§ **ASSIGNMENT**:
Transcribe the listing verbatim. Do not carry over any pictures.

§ **SOURCE MATERIAL**:
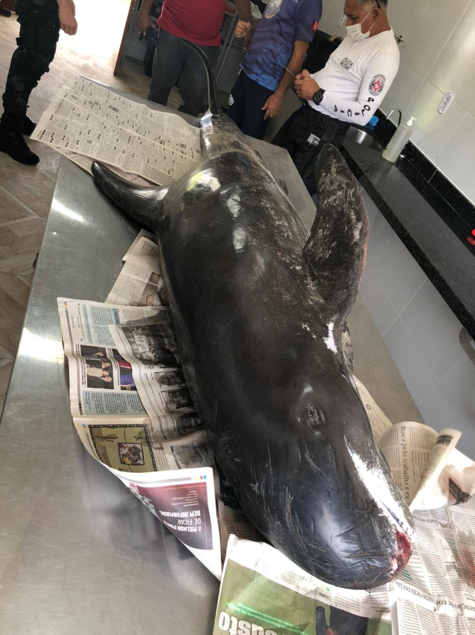 O golfinho da espécie cabeça-de-melão, que foi encontrado morto, na manhã desta quarta-feira (16), na Praia de Formosa, em Cabedelo, será usado em ações de educação ambiental, para conscientizar crianças e adultos sobre a importância da preservação da fauna marinha. O animal apresentava visíveis sinais de que foi machucado por rede de pesca, antes de morrer.
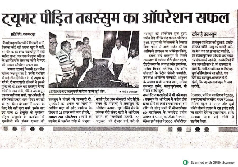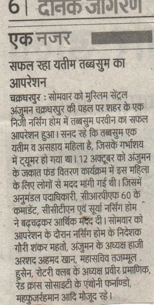 Successful operation of Helpless Tabasum by lead of Muslim Central Anjuman.
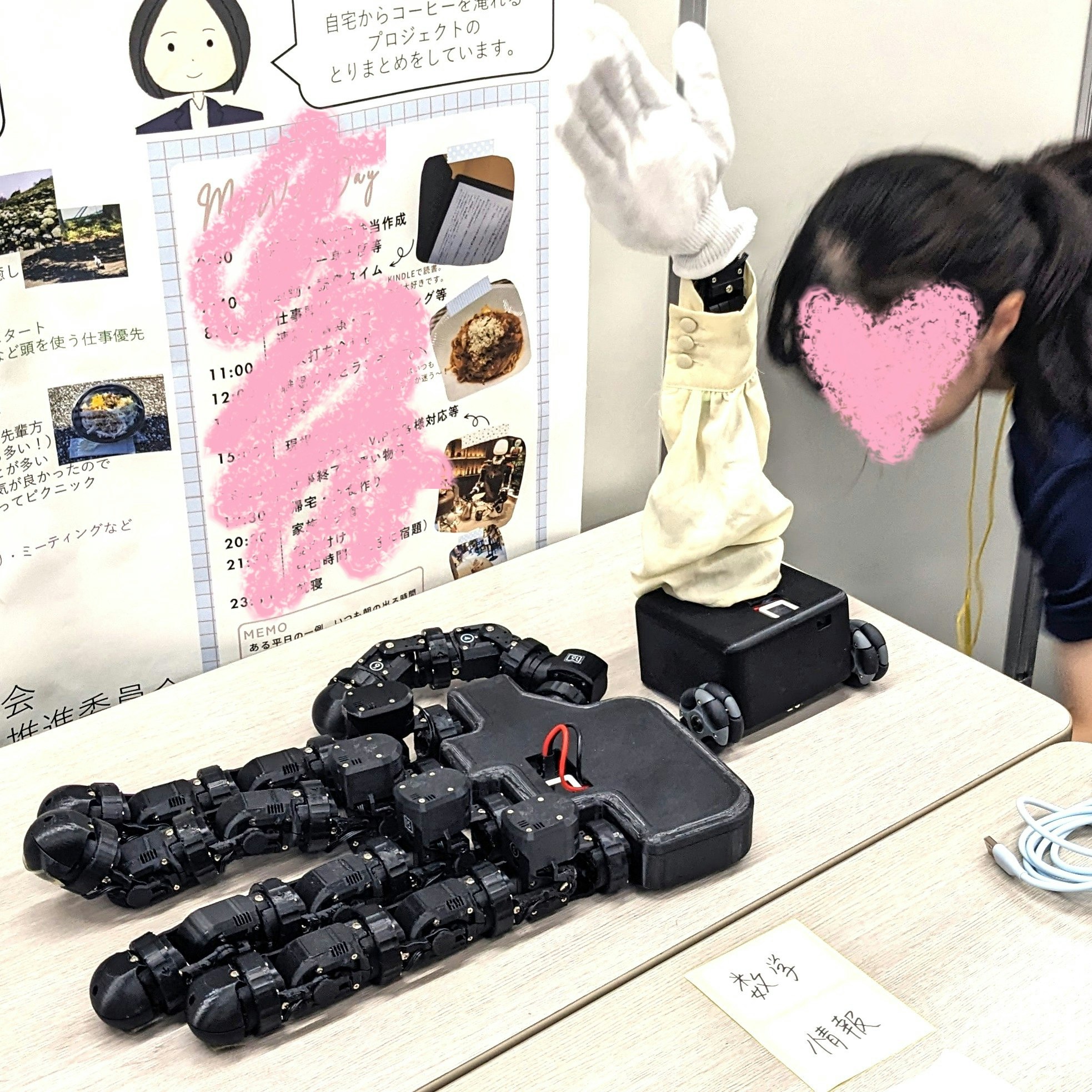 ちなみに、奥においてあるのは、SO101でテレオペレーションの体験です。 また、現役の大学院生の方の研究しているハンドロボットも展示していました。都内の中高一貫校でWS
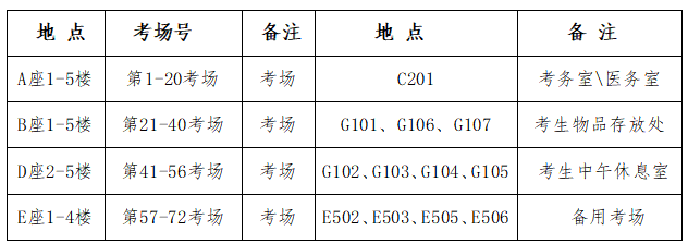 午休:非考试期间,所有考场封闭不对外开放。各位考生饭后可到G栋1楼的102/103/104/105教室进行自习或休息,现场需服从工作人员管理。
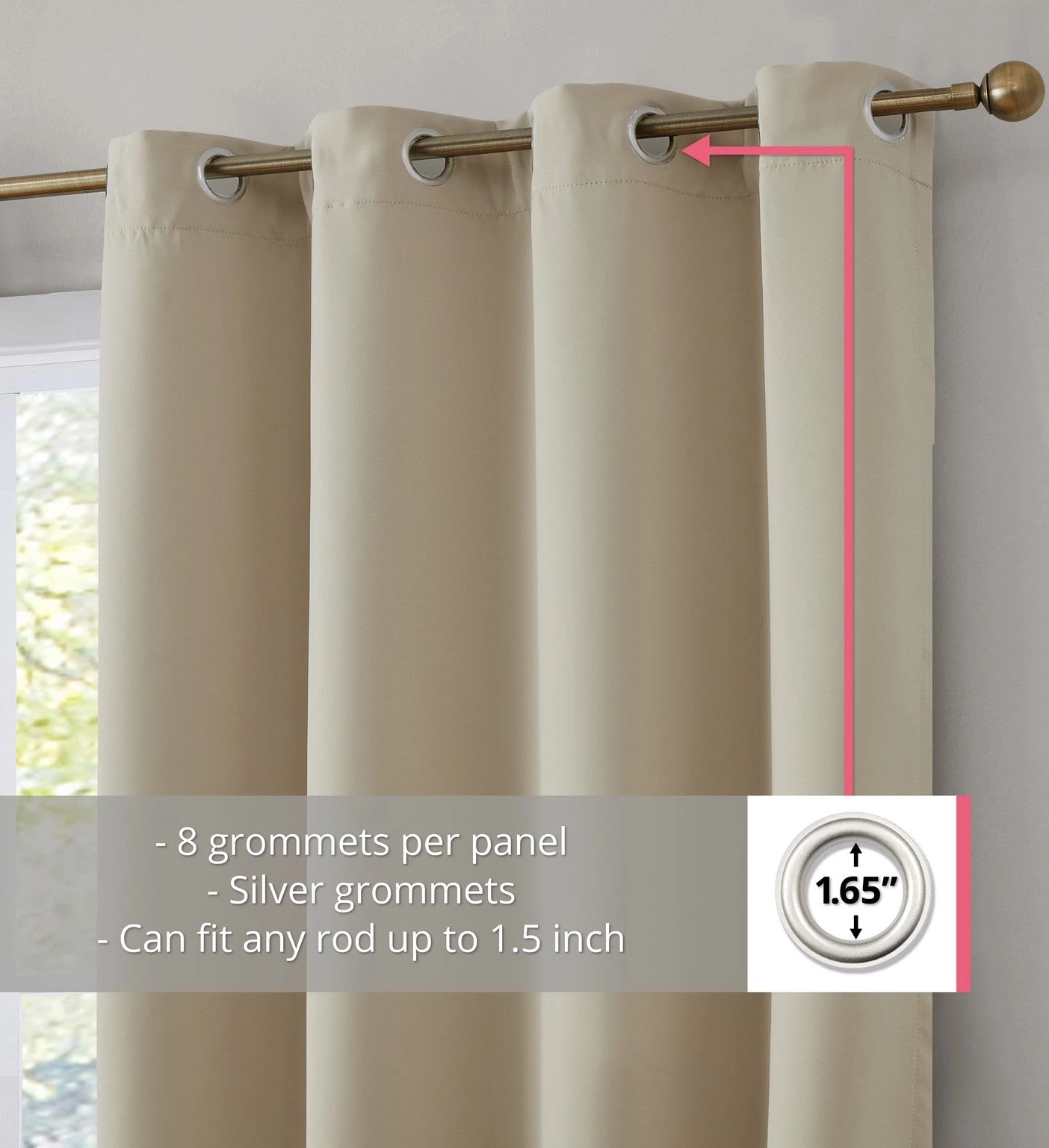 HLC.ME Dakota 100% Blackout Grommet Curtain Panels – Beige – Set Of 2 Blackout Curtains
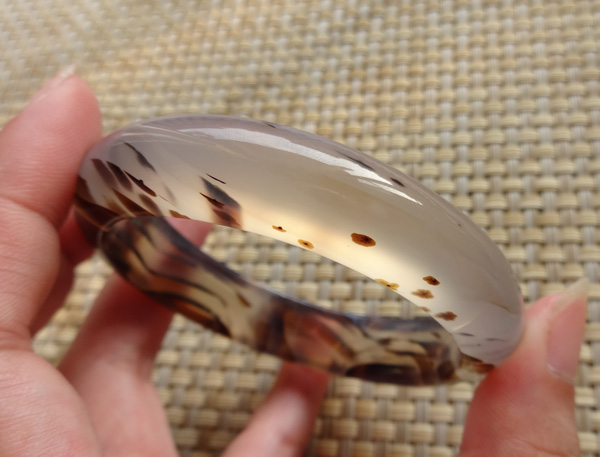 这个手镯很有韵味,带一缕缕的草花,好像豹纹

§ **EXERCISE OUTPUT**:
 O golfinho da espécie cabeça-de-melão, que foi encontrado morto, na manhã desta quarta-feira (16), na Praia de Formosa, em Cabedelo, será usado em ações de educação ambiental, para conscientizar crianças e adultos sobre a importância da preservação da fauna marinha. O animal apresentava visíveis sinais de que foi machucado por rede de pesca, antes de morrer.
 Successful operation of Helpless Tabasum by lead of Muslim Central Anjuman.
 ちなみに、奥においてあるのは、SO101でテレオペレーションの体験です。 また、現役の大学院生の方の研究しているハンドロボットも展示していました。都内の中高一貫校でWS
 午休:非考试期间,所有考场封闭不对外开放。各位考生饭后可到G栋1楼的102/103/104/105教室进行自习或休息,现场需服从工作人员管理。
 HLC.ME Dakota 100% Blackout Grommet Curtain Panels – Beige – Set Of 2 Blackout Curtains
 这个手镯很有韵味,带一缕缕的草花,好像豹纹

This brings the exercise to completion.